Леонардо тщательно подготовил свою карикатуру. Он побывал на месте сражения в Ангиари, читал отчеты о нем, сделал бесчисленные зарисовки лошадей и людей в пылу битвы или предсмертной агонии. Теперь, как редко в Милане, ему представилась возможность привнести в свое искусство движение. Он воспользовался ею в полной мере и изобразил такую ярость смертельной схватки, что Флоренция едва не содрогнулась от этого зрелища; никто не предполагал, что этот самый утонченный из флорентийских художников способен придумать или изобразить такое видение патриотического убийства. Возможно, Леонардо использовал здесь свой опыт участия в кампании Цезаря Борджиа; ужасы, свидетелем которых он, возможно, был тогда, могли быть выражены в его рисунке и изгнаны из его сознания. К февралю 1505 года он закончил свою карикатуру и начал писать ее центральную картину — «Битву при Штандарте» — в Зале деи Чинквеченто.
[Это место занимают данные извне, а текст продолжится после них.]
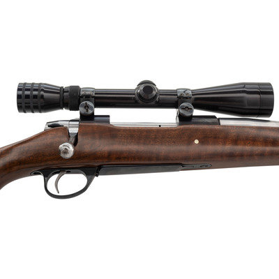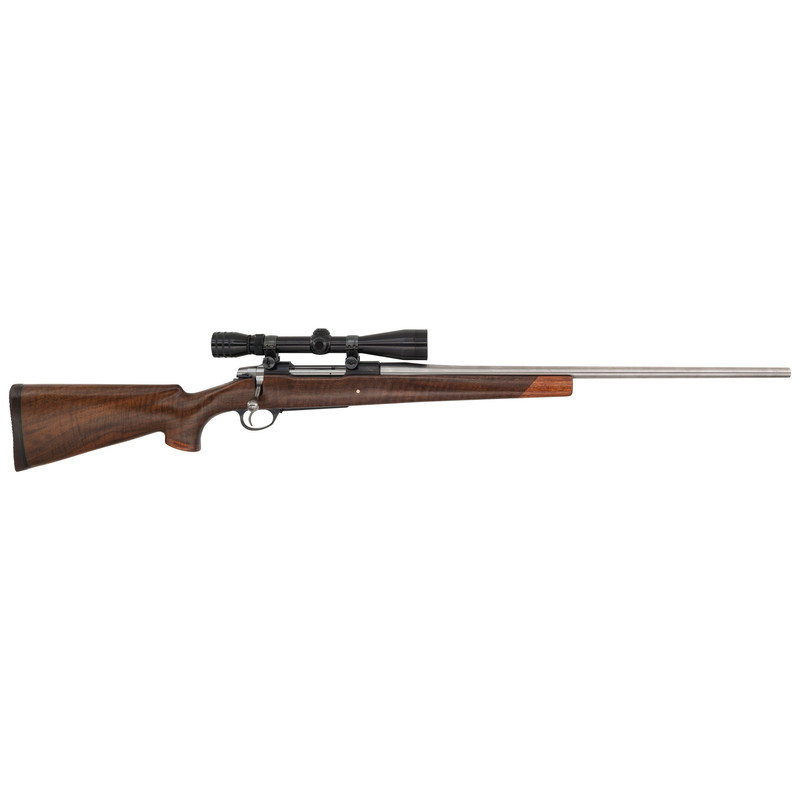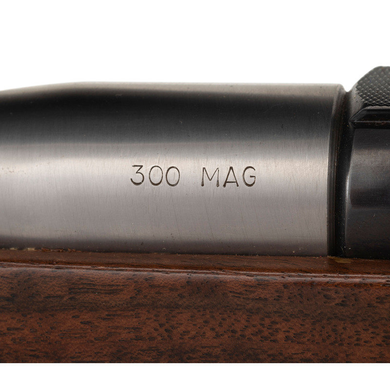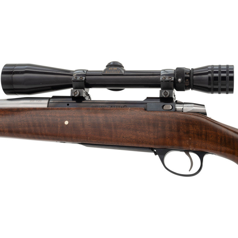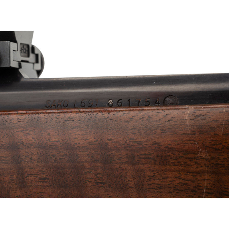 .300 Magnum. 24.5" barrel length. SN: 861754. Brushed stainless steel finish to the barrel and bolt with blued frame and triggerguard set in a walnut Semi pistol grip stock with rosewood forend and pistol grip caps. Bolt action repeating rifle fed by internal box magazine. The rifle mounts a rubber recoil pad and sako marked scope mounts over a dovetailed receiver. Standard make and model markings applied overall. The rifle mounts a Redfield 3X-9X telescopic sight.

Но вот снова тот, кто изучал физику и химию и еще не узнал судьбу своей Тайной вечери, совершил трагическую ошибку. Экспериментируя с техникой энкаустики, он задумал закрепить краски на оштукатуренной стене с помощью тепла от мангала на полу. В комнате было сыро, зима была холодной, жар не достигал достаточной высоты, штукатурка не впитала краску, верхние цвета начали растекаться, и никакие неистовые усилия не смогли остановить разрушение. Тем временем возникли финансовые трудности. Синьория платила Леонардо пятнадцать флоринов ($188?) в месяц, что едва ли можно было сравнить с теми 160 или около того, которые Лодовико назначал ему в Милане. Когда бестактный чиновник предложил заплатить за месяц медяками, Леонардо отказался от них. Он бросил это предприятие с позором и отчаянием, лишь немного утешившись тем, что Микеланджело, закончив свою карикатуру, вообще не сделал из нее картины, а принял вызов папы Юлия II приехать работать в Рим. Великое соревнование обернулось плачевно, и Флоренция осталась недовольна двумя величайшими художниками в своей истории.

В течение 1503–6 годов Леонардо то и дело писал портрет Моны Лизы — то есть мадонны Элизабетты, третьей жены Франческо дель Джокондо, который в 1512 году должен был стать членом Синьории. Предположительно, ребенок Франческо, похороненный в 1499 году, был одним из детей Элизабетты, и эта потеря, возможно, помогла сформировать серьезные черты лица, скрывающиеся за улыбкой Ла Джоконды. То, что Леонардо так часто звал ее в свою мастерскую в течение этих трех лет; что он потратил на ее портрет все секреты и нюансы своего искусства — мягко моделируя ее светом и тенью, обрамляя ее причудливыми видами деревьев и вод, гор и неба, одевая ее в одежды из бархата и атласа, сотканные в складках, каждая морщинка которых — шедевр, со страстной тщательностью изучая тонкие мышцы, формирующие и двигающие рот, приглашая музыкантов, чтобы они играли для нее и вызывали на ее чертах разочарованную нежность матери, вспоминающей об ушедшем ребенке: таковы отголоски того духа, в котором он пришел к этому увлекательному слиянию живописи и философии. Тысяча перерывов, сотня отвлекающих интересов, одновременная борьба с замыслом Ангиари оставили нерушимым единство его замысла, неоправданную настойчивость его рвения.